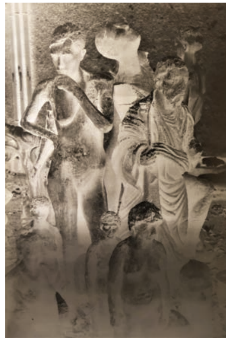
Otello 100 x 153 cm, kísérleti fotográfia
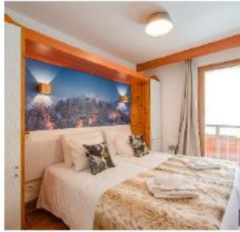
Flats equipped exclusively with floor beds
...
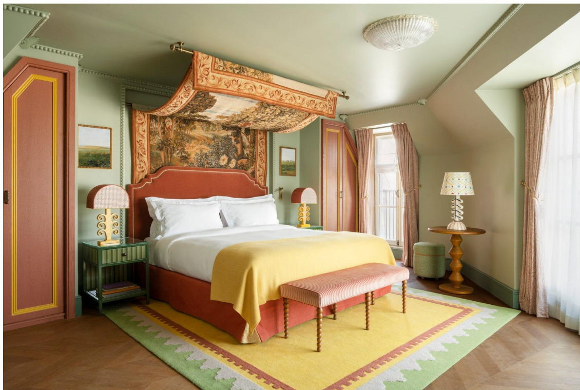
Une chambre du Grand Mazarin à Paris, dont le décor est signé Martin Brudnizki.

YOUR TASK >>
In the entries above, find the line that contains "Otello 100 x 153 cm, kísérleti fotográfia" and the line that contains "Flats equipped exclusively with floor beds". Reproduce exactly those two lines and every line between them, but not the pictures.

SOLUTION BELOW >>
Otello 100 x 153 cm, kísérleti fotográfia
Flats equipped exclusively with floor beds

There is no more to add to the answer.